A.  EXACT NAME OF TRUST:

                             EQUITY INVESTOR FUND
                                 SELECT SERIES
                   INSTITUTIONAL HOLDINGS PORTFOLIO SERIES B
                             DEFINED ASSET FUNDS

B.  NAMES OF DEPOSITORS:

              MERRILL LYNCH, PIERCE, FENNER & SMITH INCORPORATED
                          DEAN WITTER REYNOLDS INC.
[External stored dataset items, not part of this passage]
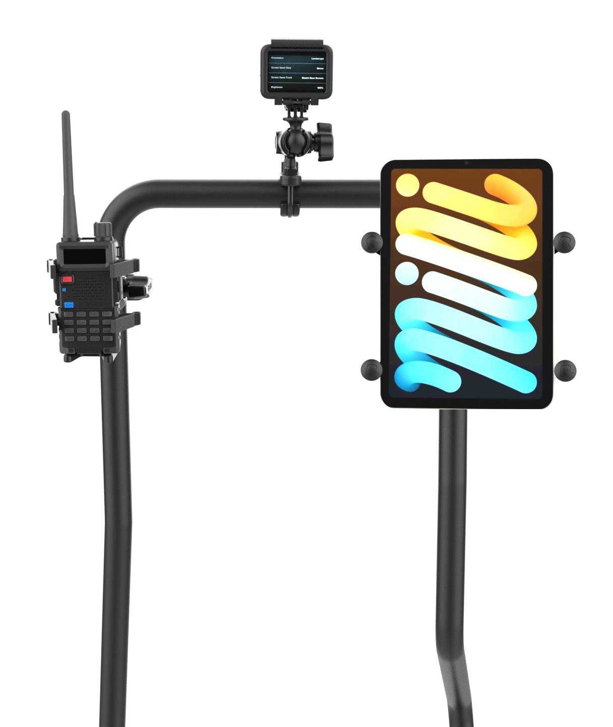 With the RAM® Tough-Bar™, you can set things up just the way you like. Configure it to hold tablets, laptops, phones, cameras, guns, lights, and accessories securely—keeping your devices safe, accessible, and right where you need them.
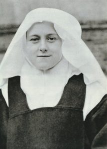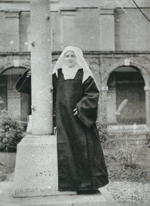 É a fotografia dela com véu de noviça, em pé, abraçando a cruz que há no pátio interior do Carmelo. A freira que era sua professora no colégio das Beneditinas de Lisieux [foto ao lado], onde Santa Teresinha estudou, disse que aquela foto era a de que mais gostava, porque nela aparecia o sorriso que ela sempre tinha e que em nenhuma das outras fotos aparece.
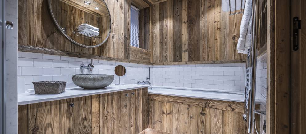 The chalet is characterised by large spaces laden with light plus exposed beams, local pine wood walls and ceiling, baked clay in lounge and dining room, oak in bedrooms plus luxurious Italian marble in bathrooms. Every detail counts to create a cosy Savoyard atmosphere with vibrant Provence touches.
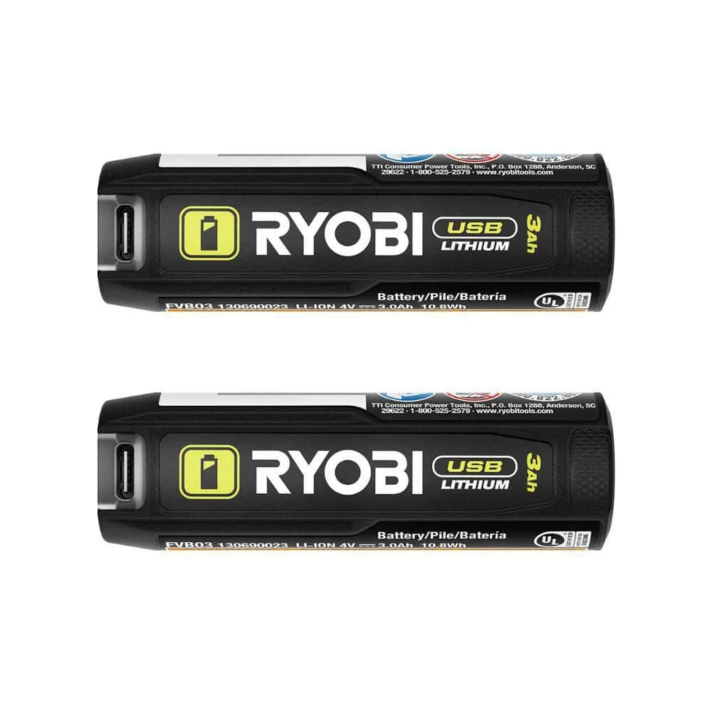RYOBI introduces the USB Lithium 3.0 Ah Lithium Rechargeable Battery (2-Pack). Providing convenience on-the-go, this battery will charge your small portable devices like your phone or smart watch. Featuring 50% more runtime than FVB01, you will be able to accomplish more per charge. The on-board LED fuel gauge takes away the guess work by clearly indicating the battery level status. This battery features a USB-C charging port for easy charging with any USB-C cable. This battery is easily interchangeable across all USB Lithium products for cordless portability and minimal downtime. The USB Lithium 3.0 Ah Lithium Rechargeable Battery is backed by the RYOBI 2-Year Manufacturer’s Warranty and includes (2) FVB03 USB Lithium 3.0 Ah Lithium Rechargeable Batteries and operator’s manual.
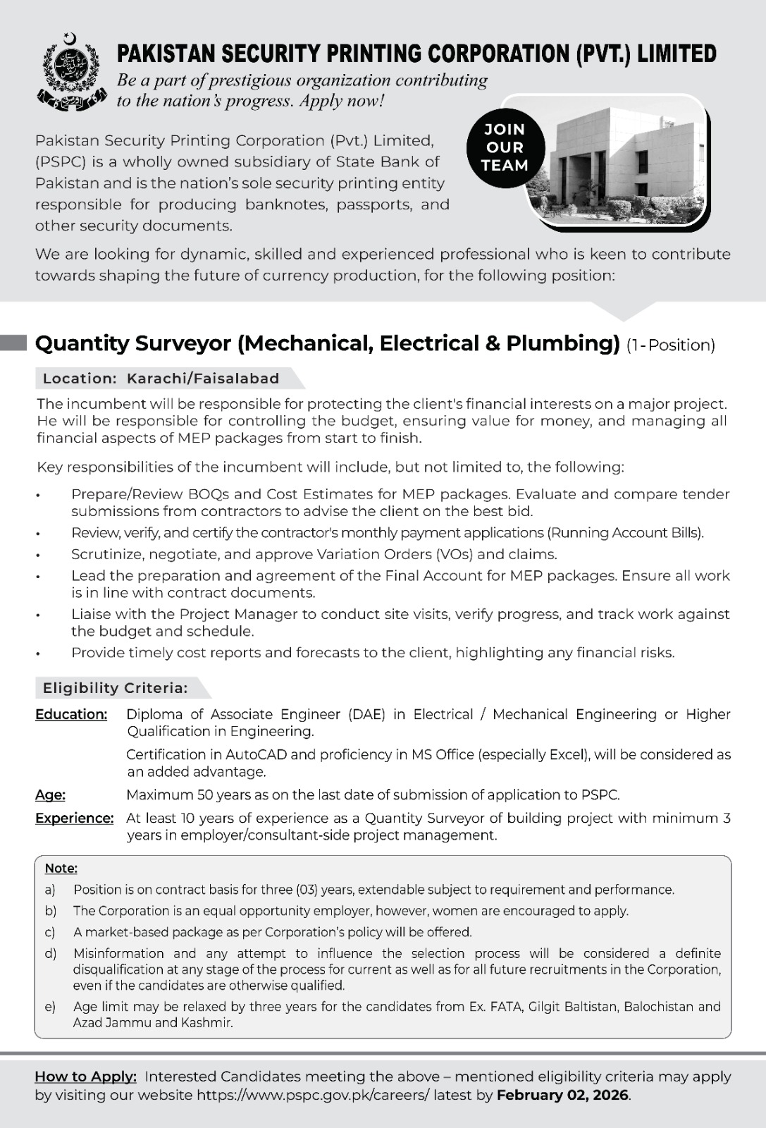 - Position is on contract basis for three (03) years, extendable subject to requirement and performance.
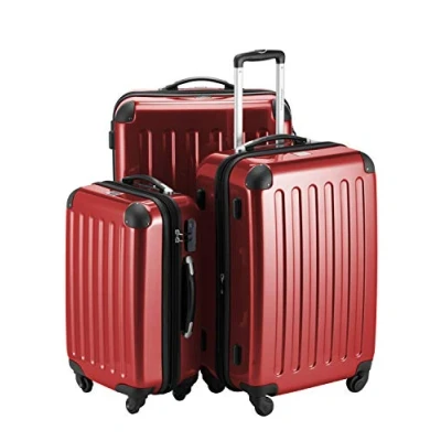 Set of 3 Hard Shell Suitcase Trolley Glossy red Hauptstadtkoffer incl Combination Lock 4 Wheels
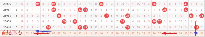 如图所示:首尾制约平衡组范围依次为:推缩推,缩拉? 本期形态范围优先选择红色左推首尾。由于上期号码处在间隔1带2连的分割完成,本期宜采取继续左推走分割形态,或体现间隔1或者重号走势。
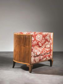 A PAIR OF ARMCHAIRS, INLAID WOOD STRUCTURE, FABRIC UPHOLSTERY
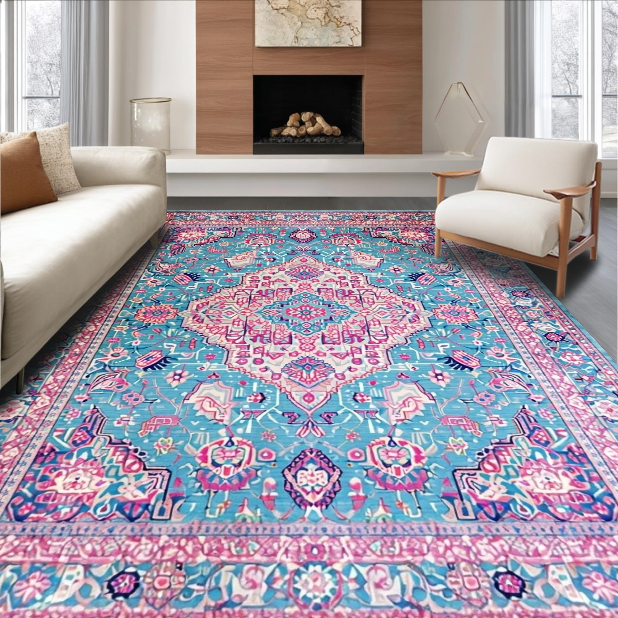 Ultra Soft Area Rug, Non Slip, Stain Resistant, Washable Area Rugs for Living Room, Bedroom, Chic Minimalist Diamond Layout(Blue) Overview:
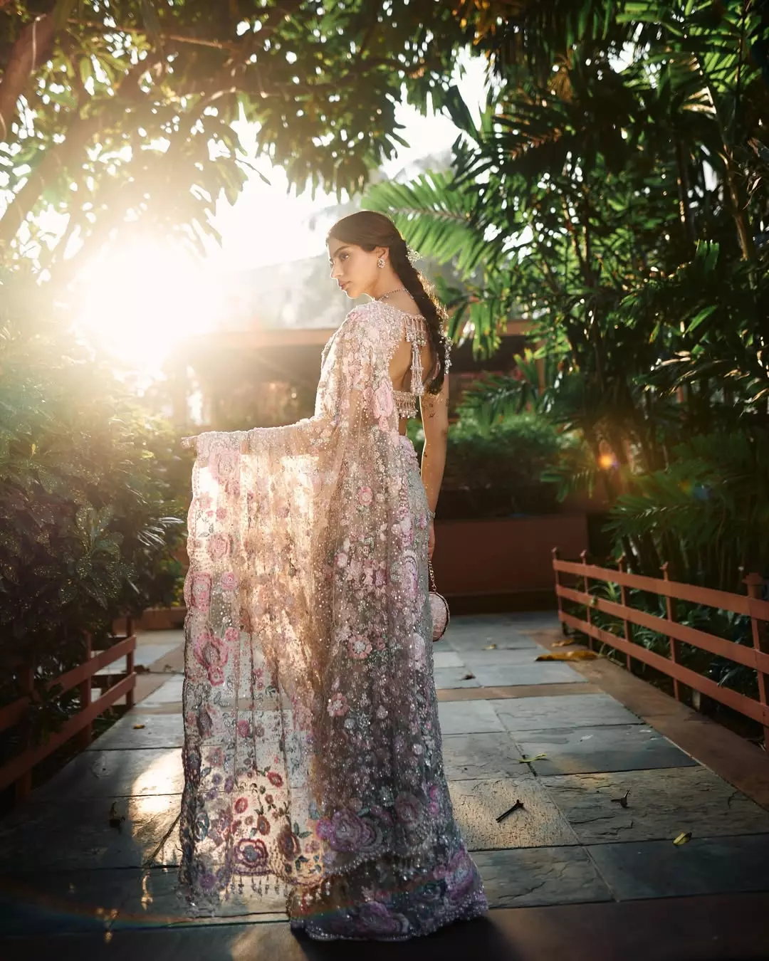 Khushi Kapoor blooms like a dream in golden-hour light, draped in a delicate pastel floral saree that’s pure poetry. The sheer fabric adorned with intricate hand-embroidered roses and sequins catches the sun, while her soft bun with gajra and diamond jewellery add timeless grace. Leaning against a rustic bench surrounded by greenery, she radiates serene bridal elegance. She captioned the ethereal frame: “Celebrating @shaunagautam

C.  COMPLETE ADDRESSES OF DEPOSITORS' PRINCIPAL EXECUTIVE OFFICES:

MERRILL LYNCH, PIERCE, FENNER & SMITH           DEAN WITTER REYNOLDS INC.
           INCORPORATED                     TWO WORLD TRADE CENTER--59TH FLOOR
       DEFINED ASSET FUNDS                      NEW YORK, N.Y. 10048
          P.O. BOX 9051
    PRINCETON, N.J. 08543-9051

D.  NAMES AND COMPLETE ADDRESSES OF AGENTS FOR SERVICE:

    TERESA KONCICK, ESQ.                               DOUGLAS LOWE, ESQ.
        P.O BOX 9051                                DEAN WITTER REYNOLDS INC.
 PRINCETON, N.J. 08543-9051                          TWO WORLD TRADE CENTER--
                                                           59TH FLOOR
                                                      NEW YORK, N. Y. 10048

                                   COPIES TO
                         PIERRE DE SAINT PHALLE, ESQ.
                              450 LEXINGTON AVENUE
                              NEW YORK, N.Y. 10017

E.  TITLE OF SECURITIES BEING REGISTERED:

 An indefinite number of Units of Beneficial Interest pursuant to Rule 24f-2
      promulgated under the Investment Company Act of 1940, as amended.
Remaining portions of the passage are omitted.